__EXERCISE PROMPT__: Exactly as written, return all the data, leaving its pictures behind.

** DATA SECTION follows **

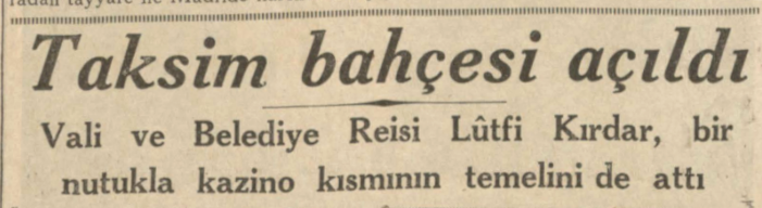 Taksim Bahçesi, erken Cumhuriyet İstanbul’unu planlayan Henri Prost tarafından, kentin 2.No.lu Parkı olarak tasarlandı. İstanbul Valisi ve Belediye Başkanı Dr. Lütfi Kırdar, Prost’tan, büyük törenlerin düzenlenebileceği bir meydan istemişti. 1909’dan beri kullanılmayan kışla 1939’da yıkıldı. 2.No.lu Park, “Taksim Bahçesi” adıyla 15 Temmuz 1939’da halka açıldı. O dönemki haberlerde parkın içinde bin kişilik restoran/gazino binasının bulunacağı ve haftanın belirli günleri konserler düzenleneceği belirtilmiş. Gazino binası ve büfenin 29 Ekim’e kadar tamamlanması planlanmış.
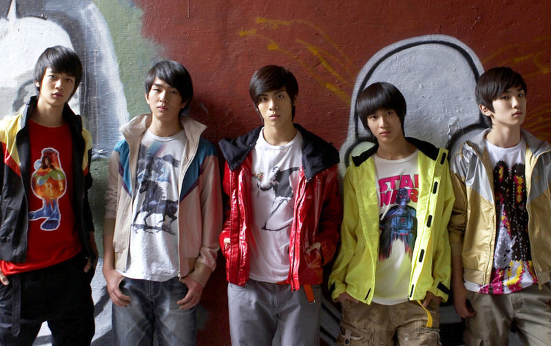 这套衣服其实就可以看出以后小晒们打歌服最大的一个特点——自成一派……换句话说就是五个人的衣服它就不是一个系列滴(虽然cody努力想统一颜色,但很明显是欲盖弥彰……我们又不是瞎子)这点其实从开始认识小晒后才注意到,因为东团的大部分打歌服都是很统一的,不管是样式还是颜色,比如the way you are时期都是破破烂的布加上破破烂的渔网(习惯性东团并发症,见谅)
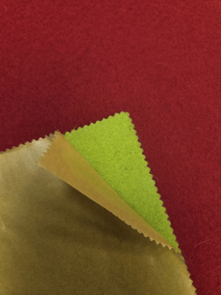 So entsteht ein starker, kohäsiver, langlebiger, gleichmäßiger, außergewöhnlich widerstandsfähiger Filz, der weich im Griff ist und „einsatzbereit“. Es ist ein Material, das die funktionale Stärke und Vielseitigkeit natürlicher Wolle mit der Praktikabilität einer selbstklebenden Rückseite kombiniert, die eine einfache und dauerhafte Befestigung auf verschiedenen Oberflächen wie Glas, Holz, Metall, Polymeren usw. ermöglicht.
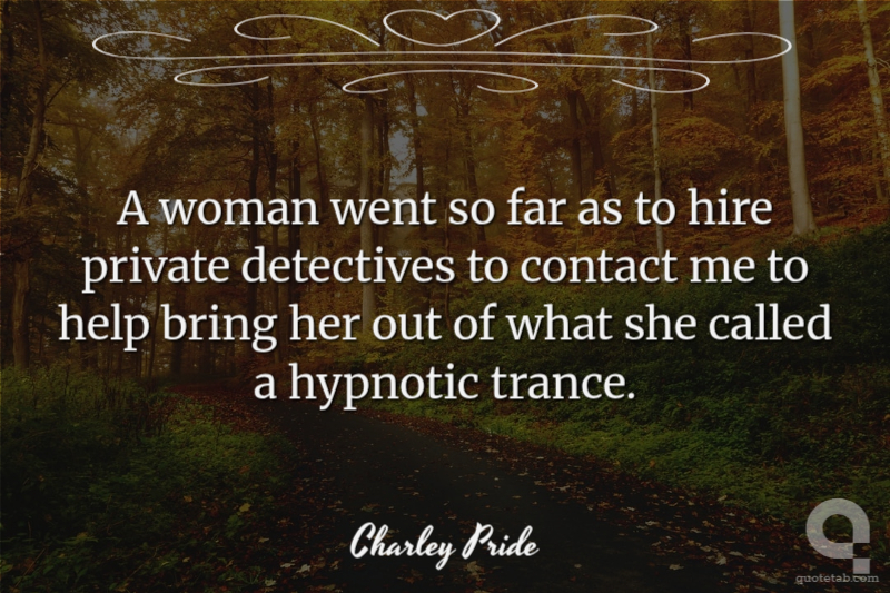A woman went so far as to hire private detectives to contact me to help bring her out of what she called a hypnotic trance. Charley Pride

** End of DATA SECTION **

__TASK RESULT__:
 Taksim Bahçesi, erken Cumhuriyet İstanbul’unu planlayan Henri Prost tarafından, kentin 2.No.lu Parkı olarak tasarlandı. İstanbul Valisi ve Belediye Başkanı Dr. Lütfi Kırdar, Prost’tan, büyük törenlerin düzenlenebileceği bir meydan istemişti. 1909’dan beri kullanılmayan kışla 1939’da yıkıldı. 2.No.lu Park, “Taksim Bahçesi” adıyla 15 Temmuz 1939’da halka açıldı. O dönemki haberlerde parkın içinde bin kişilik restoran/gazino binasının bulunacağı ve haftanın belirli günleri konserler düzenleneceği belirtilmiş. Gazino binası ve büfenin 29 Ekim’e kadar tamamlanması planlanmış.
 这套衣服其实就可以看出以后小晒们打歌服最大的一个特点——自成一派……换句话说就是五个人的衣服它就不是一个系列滴(虽然cody努力想统一颜色,但很明显是欲盖弥彰……我们又不是瞎子)这点其实从开始认识小晒后才注意到,因为东团的大部分打歌服都是很统一的,不管是样式还是颜色,比如the way you are时期都是破破烂的布加上破破烂的渔网(习惯性东团并发症,见谅)
 So entsteht ein starker, kohäsiver, langlebiger, gleichmäßiger, außergewöhnlich widerstandsfähiger Filz, der weich im Griff ist und „einsatzbereit“. Es ist ein Material, das die funktionale Stärke und Vielseitigkeit natürlicher Wolle mit der Praktikabilität einer selbstklebenden Rückseite kombiniert, die eine einfache und dauerhafte Befestigung auf verschiedenen Oberflächen wie Glas, Holz, Metall, Polymeren usw. ermöglicht.
A woman went so far as to hire private detectives to contact me to help bring her out of what she called a hypnotic trance. Charley Pride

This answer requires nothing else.